Big Data Geek – Finding and Loading NOAA Hourly Climate Data – Part 1
So I loved the idea of the Data Geek challenge, but I’m more of Big Data Geek. And it turns out that the National Oceanic and Atmospheric Administration (NOAA) have publicly available hourly climate data, since 1901.
It’s available at ftp://ftp.ncdc.noaa.gov/pub/data/noaa and you can download all of it freely. I’ve been kind to my IT folks in my office network so I’ve been slowly downloading it over the last few weeks, and I’m up to 2003 and I’ve got 39GB of compressed data so far. It is GZIP compressed and expands about 10:1… and in addition, the data volumes grow massively since 1973 and keep growing to the present day. I expect 600GB-1TB of raw data before we’re done.
So we’re going to need SAP HANA and Lumira to find some interesting information, and I thought I’d take you on the journey of how to do this. This is Part 1 of however many it takes me to find some meaning in the data.
Update: Part 2 is now available here! In part 2 we look at Tammy Powlas’ question “is it getting warmer in Virginia?”
Downloading the data
I’ve gone about this using the following command:
wget –mirror ftp://ftp.ncdc.noaa.gov/pub/data/noaa
There are other ways you could use to get the data much faster, including aria2, pcurl or httrack but I wanted to be kind on my IT team and this doesn’t use too much bandwidth or mess up our office network.

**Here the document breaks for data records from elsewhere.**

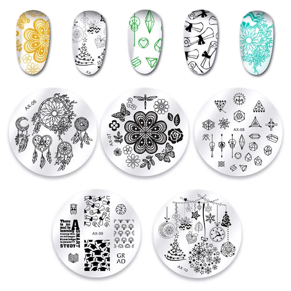 Biutee 10 шт. трафареты для ногтей новогодние елки пластины для стемпинга с рисунками одуванчиков трафарет лебедей для маникюра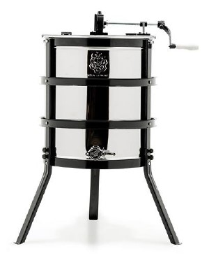 Extrator de mel em inox com estrutura preta e manivela lateral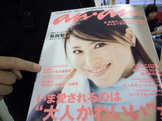 山下さん、なにを見てるんですか。 「anan」ですか? 山下さんが女性誌を読むなんて めずらしいですね。 松田聖子さんが表紙なんですね。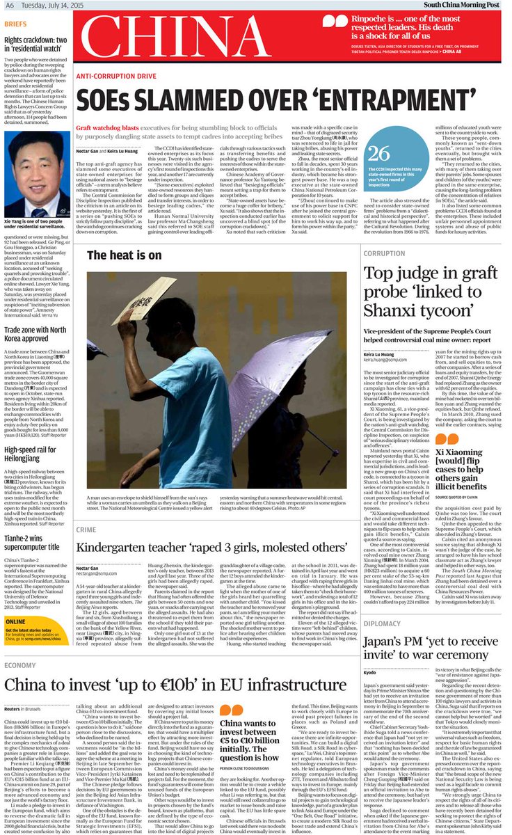 #Tuesday's front pages of The South China Morning Post. To subscribe, find out more here: http://sc.mp/uod6l pic.twitter.com/uY8ODXBTIm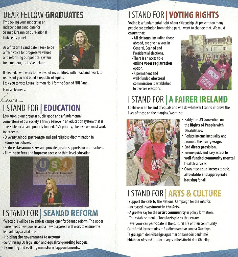 Leaflet from Laura Harmon – NUI Seanad #Seanad16 » LHarman3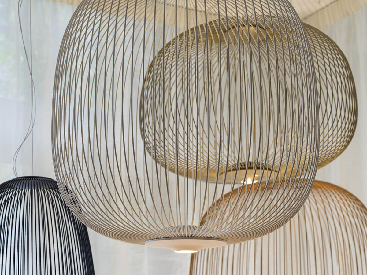 A typically oriental feeling seems to inspire the Spokes lamps by Foscarini, an emblem of elegance but also of a design that is not afraid to dare. Spokes seems to arise from the idea of ancient oriental lamps or the more domestic shaped aviaries in order to create a real cage from which the light spreads softly, with unique and sensitive shades. The realization comes from the observation of the spokes of a bicycle wheel, from which the project also takes its name which in English means, indeed, spokes. The result is a lamp with a soft and light shape, perfect for filling space without actually weighing it down. However, the structure is equally solid, ideal for different environments and uses.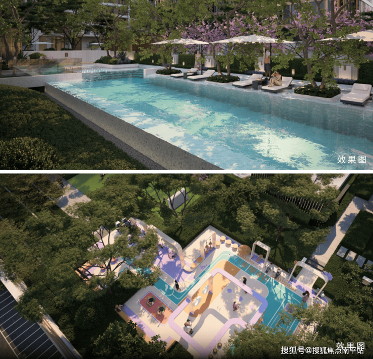 【“一芯”全景剧场】包含度假泳池、热力营地、口袋花园、活力剧场,让业主过上一种足不出户即可享受微度假、户外露营、都市松弛和全龄社交的多元化休闲生活。
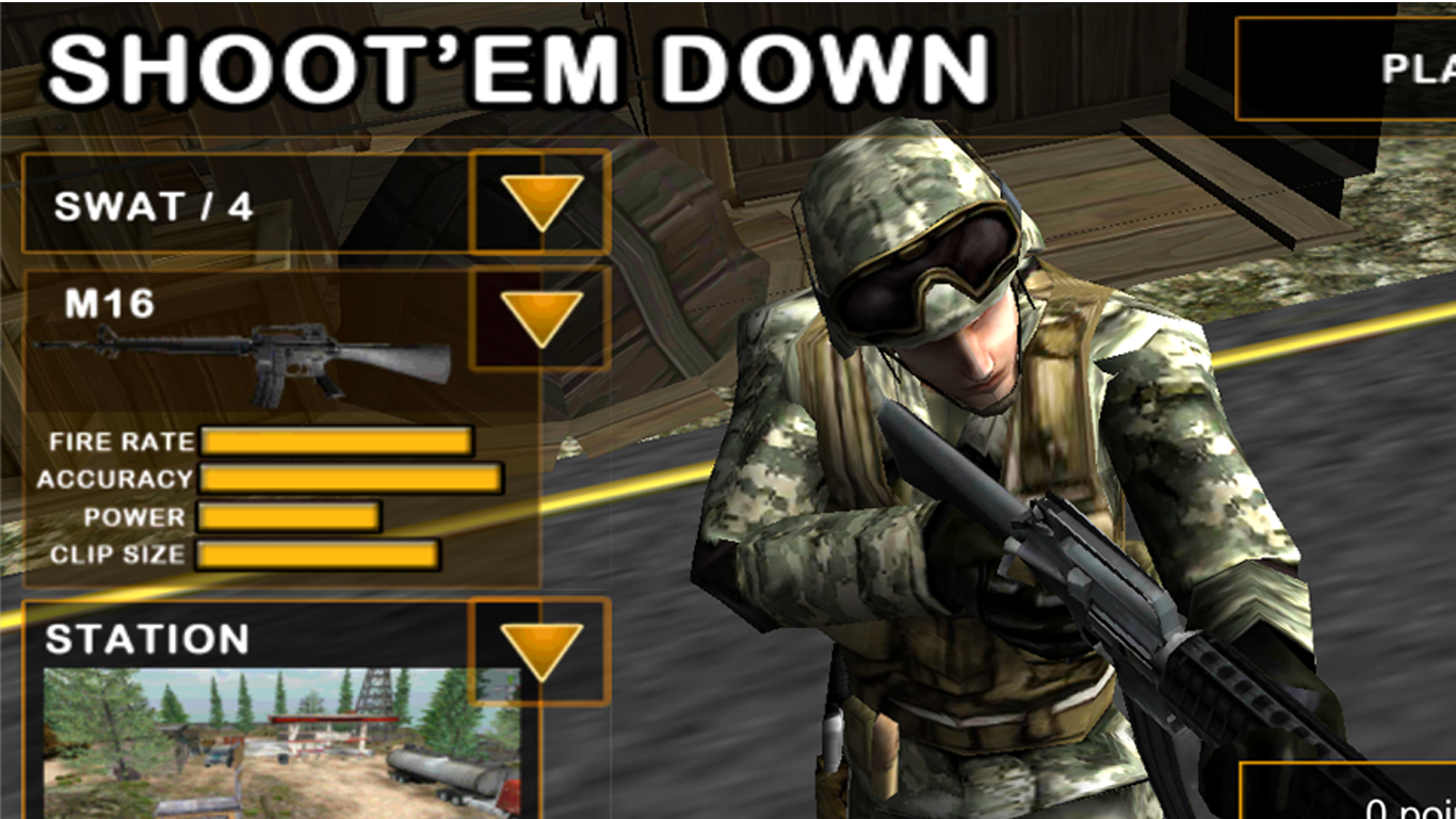 - choose map to play and weapon. Warning! you need points for better guns and new maps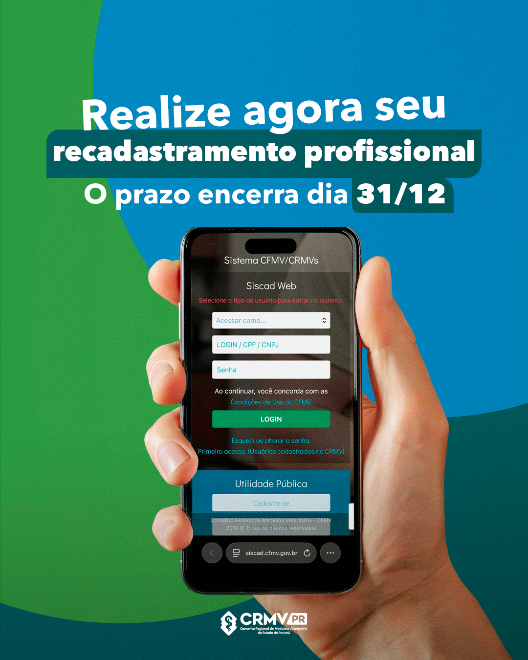 Faça o seu recadastramento no site: https://siscad.cfmv.gov.br/usuario/login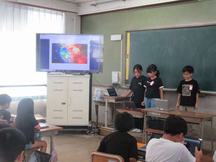 総合的な学習の時間では、今まで調べたことを学年で発表しました。桂川のことやごみ問題、SDGsのことなど、グループで発表しました。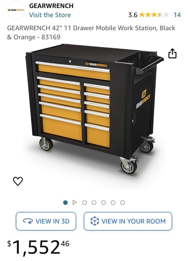 GEARWRENCH 42" 11 Drawer Mobile Work Station, Black & Orange - 83169 GEARWRENCH Estación de trabajo móvil de 42" y 11 cajones, negro y naranja - 83169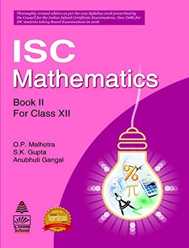 Book This edition of ISC Mathematics Book II for Class XII has been thoroughly revised in the light of the new syllabus 2018 prescribed by the Council for the Indian School Certificate Examinations, New Delhi. Salient Features Written in a simple and easy-to-understand language Ample number of solved examples for better understanding of the topics discussed Exercises and hints for selected questions to reinforce the students' understanding 'Chapter Summary' for quick revision 'Chapter Test' at the end of each chapter for self-evaluation Questions of previous ISC and engineering examinations Appendix containing useful information and logarithms tables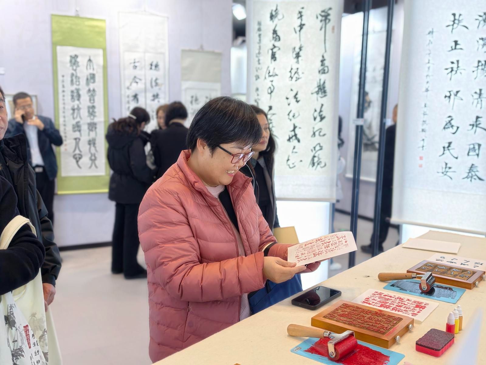12月1日,北京市“宪法宣传周”系列活动启动仪式在北京大运河博物馆举行。在法治文化作品征集评选活动中获奖的作品也将在大运河博物馆集中展出。图为参加启动仪式的观众在体验区完成法治内容的拓印。中青报·中青网记者 胡宁/摄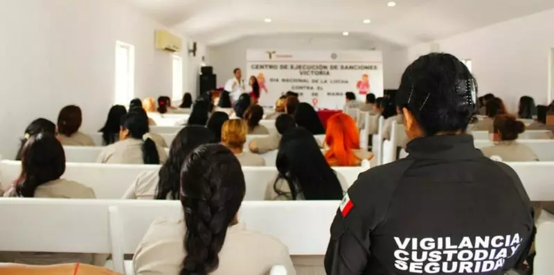 Ciudad Victoria, Tamaulipas.- En conmemoración del Día Mundial de la Lucha contra el Cáncer, el Centro de Ejecución de Sanciones (CEDES) Victoria, realizó una conferencia dirigida a mujeres privadas de la libertad (PPLs), con el objetivo de fomentar la detección temprana del cáncer de mama y fortalecer la atención a la salud mental dentro del sistema penitenciario.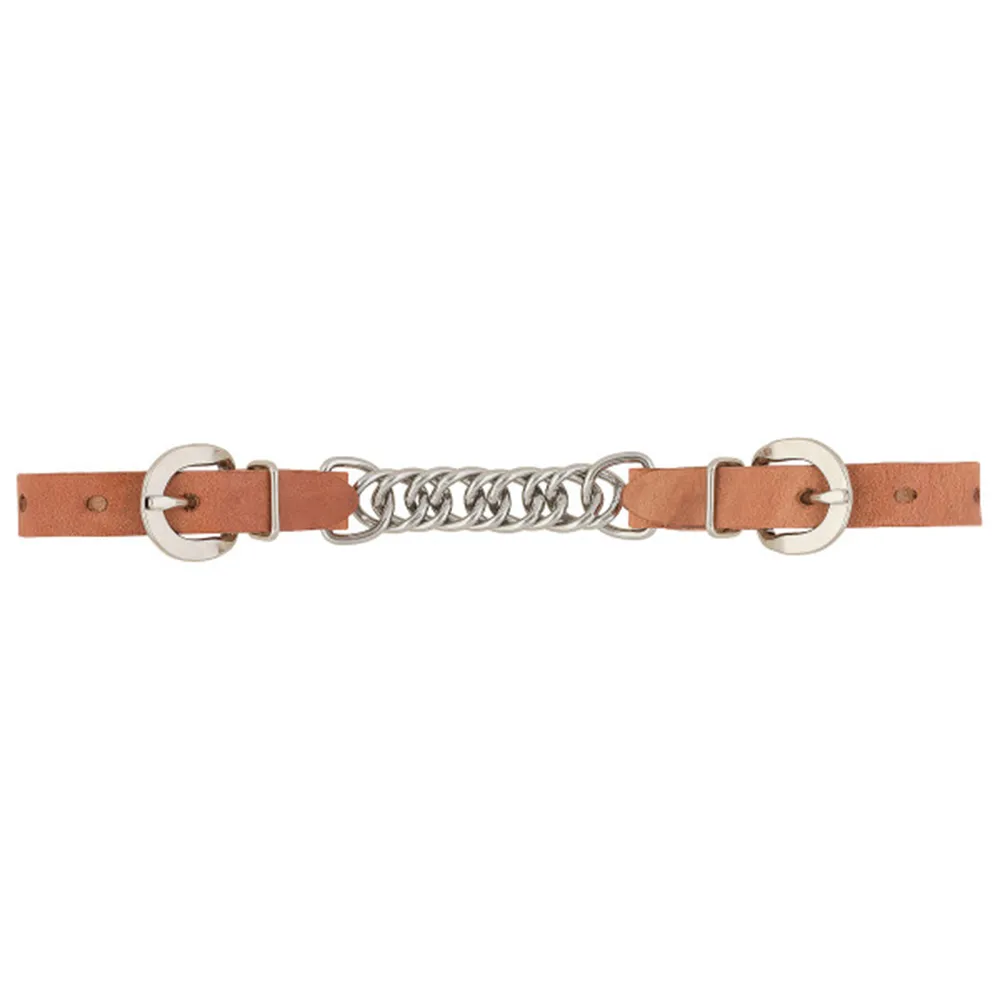 This single flat link chain curb strap is constructed from durable, weather-resistant russet harness leather, this 5/8" curb features a 3-1/2" flat single link chain.

It will take me a few weeks to get all the data and then I can keep it up to date any time!
Loading Data
The data comes in a pretty incomprehensible format and the lines look a bit like this:
0081999999999992002010100004+17900-075900FM-13+9999ELML V02099999999999999999N9999999N1+02791+02791101361REMSYN072BBXX ELML7 0100/ 99179 70759 4//// ///// 10279 20279 40136 8//// 222//;
You can download a PDF document of how this is all formatted here:
ftp://ftp.ncdc.noaa.gov/pub/data/noaa/ish-format-document.pdf
It turns out that it is a complex fixed format file, so I’m just going to use the mandatory fields, which are the first 34 fields. This gives us data like location, timestamp, temperature, wind, visibility. Pretty comprehensive. I’m a big fan of UNIX scripts to reformat this stuff so I wrote an awk script to reformat the fixed format files into CSV.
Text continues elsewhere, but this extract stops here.